Conjunctivitis typically involves erythematous changes to conjunctiva, which may be accompanied by chemosis, discharge or membranes. Depending on the etiology, the conjunctiva can present with a papillary (micropapillae with central vessels) or follicular reaction (slightly elevated, discrete, hypopigmented lesions with overlying or peripherally displaced vessels).

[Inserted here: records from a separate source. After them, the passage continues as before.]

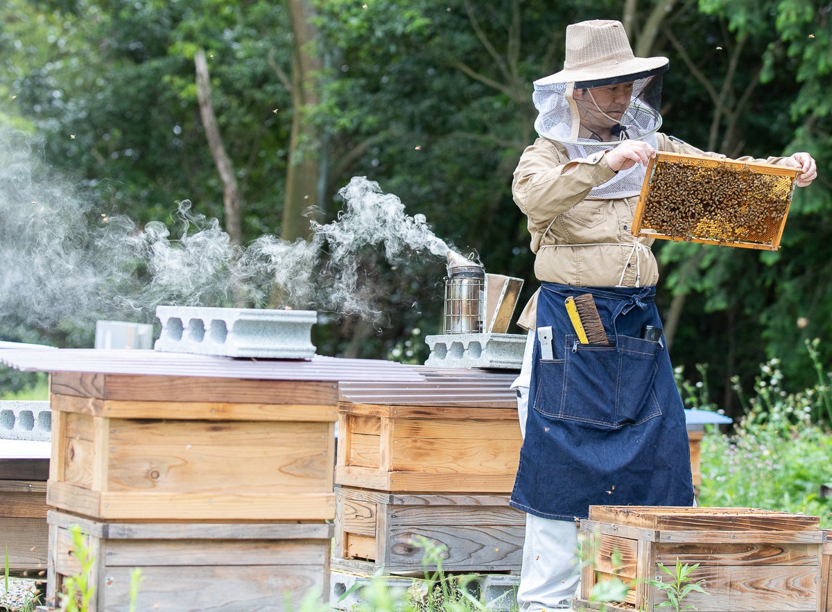 こちらの養蜂園では、パティシエも養蜂から全てを手がけるというのがコンセプト。養蜂農業の基礎を学び、日々ミツバチに素手で触れ合うことではちみつの有難みを皆様が肌で感じていらっしゃいます。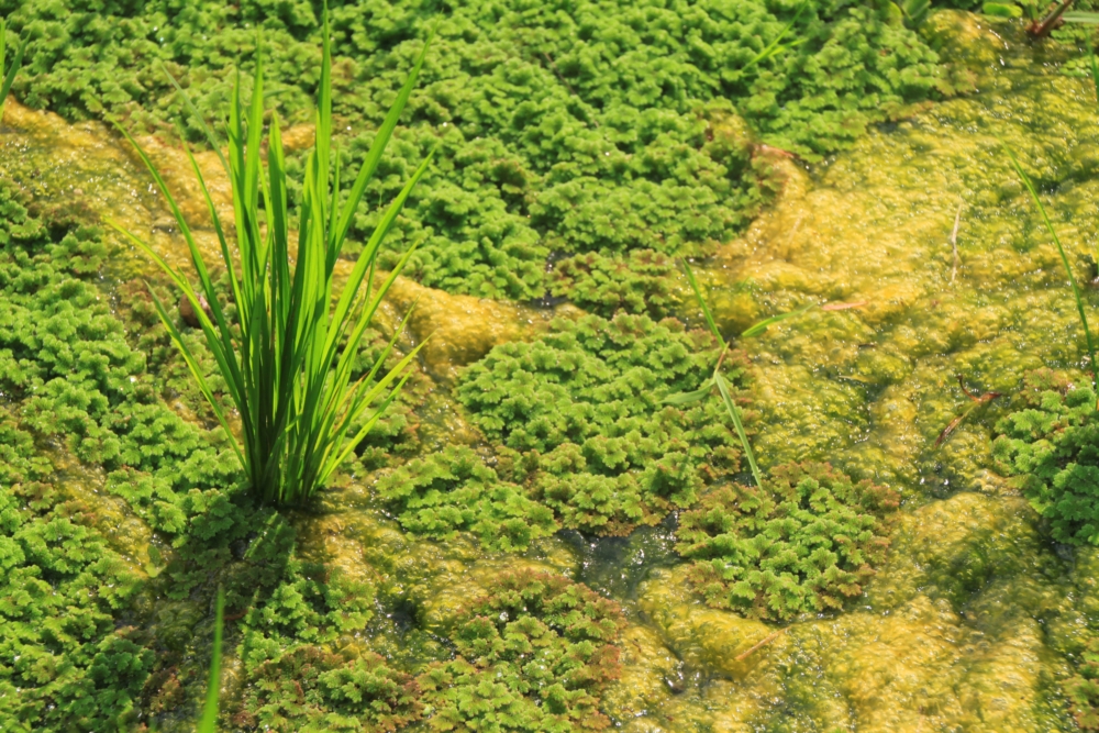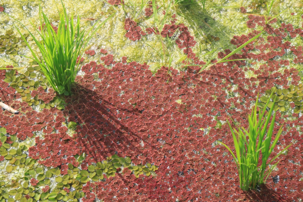 Тут между рисовыми кустиками на воде выросли водоросли.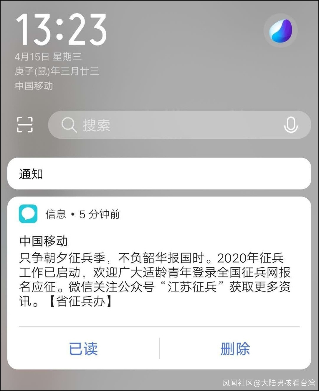嘿嘿嘿,島內民眾收到大陸徵兵短信_風聞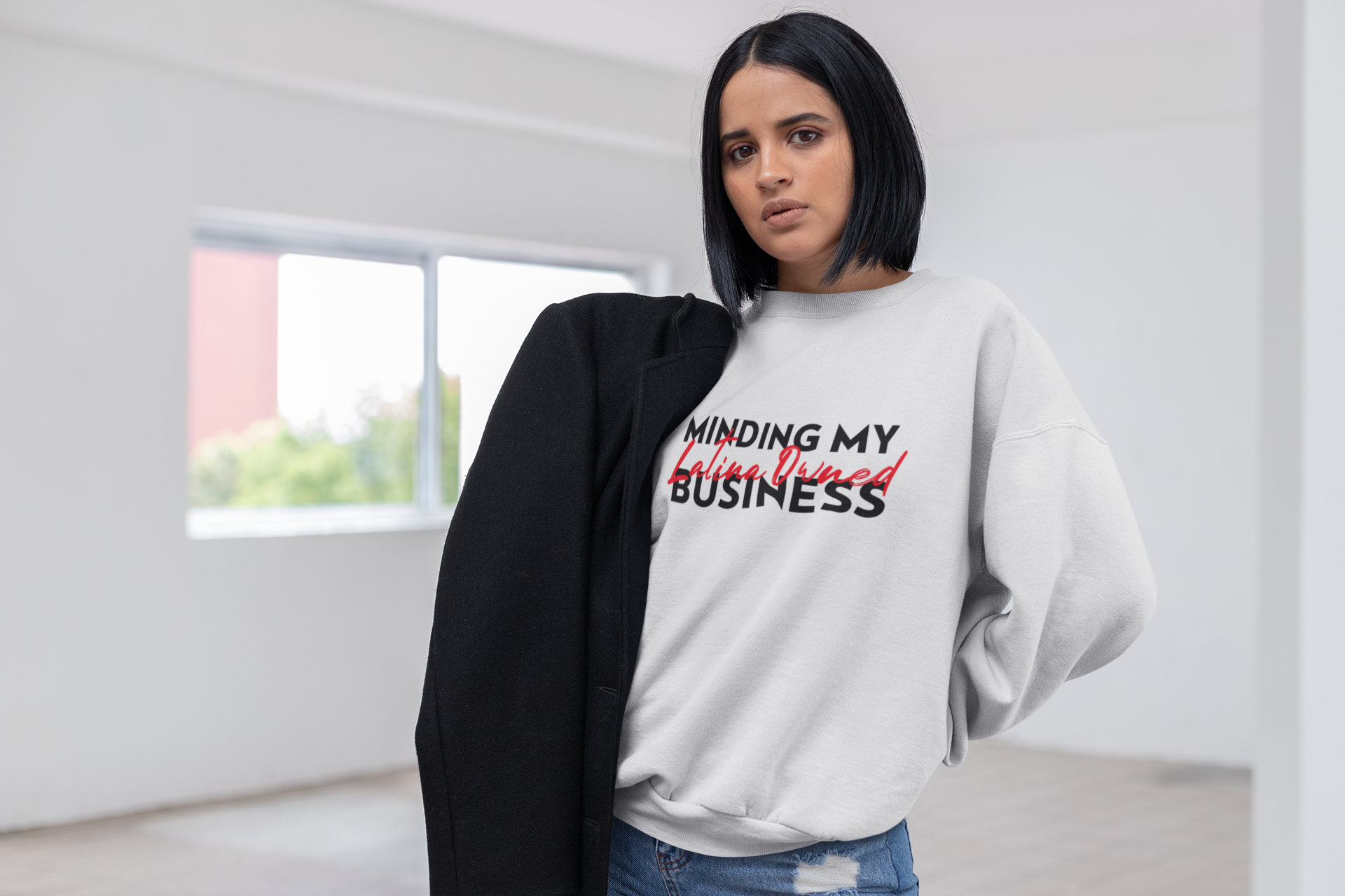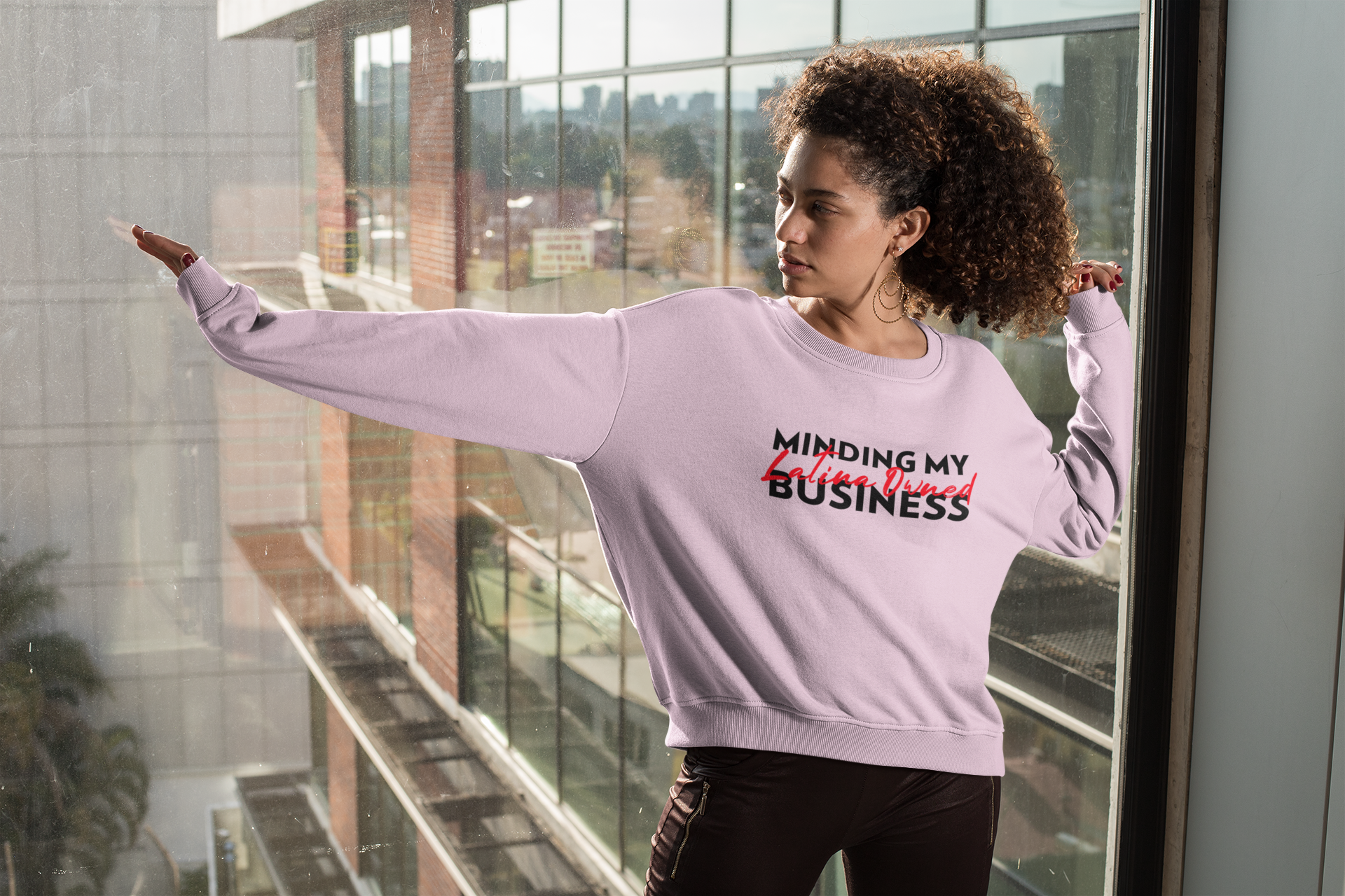 Comfy Crewneck Graphic Sweatshirt “Minding My Latina Owned Business”Red and Black Design by Holy Savage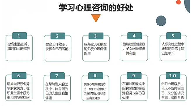 心理咨询本就是自助又助人的学问,学了之后处理家庭矛盾、人际交往、婚姻感情和亲子教育问题,往往能事半功倍,甚至原本头疼的难题都能迎刃而解。

Conjunctival inflammation can lead to a disturbance of the tear film and concomitant keratopathy (keratoconjunctivitis). In severe cases, conjunctival cicatrization and fibrosis can result in architectural changes to the fornix and eyelid.
A conjunctival biopsy is often not needed but can be useful in characterizing conjunctivitis and distinguishing it from neoplastic disorders. As with any inflammatory process the density, composition, and proportion of the inflammatory cells (lymphocytes, neutrophils, eosinophils, histiocytes, plasma cells) varies depending on the time course (early versus late), activity (acute versus chronic) and nature of the process (allergic versus infectious versus other). A suppurative neutrophil-rich infiltrate is typical of an acute bacterial infection, but lymphocytes and plasma cells are commonly seen in chronic conjunctivitis ( Fig. 19-1 ). Chronic irritated lesions often display squamous metaplasia of the surface mucosa ( Fig. 19-2 ). On occasion, a conjunctivolith may be seen in the mucosa ( Fig. 19-3 ). A high number of eosinophils suggest an allergic hypersensitivity reaction. Except for the identification of an infectious organism, foreign body, or ruptured cyst, the cause of conjunctivitis can usually not be deduced from the histologic findings and depends on clinical correlation.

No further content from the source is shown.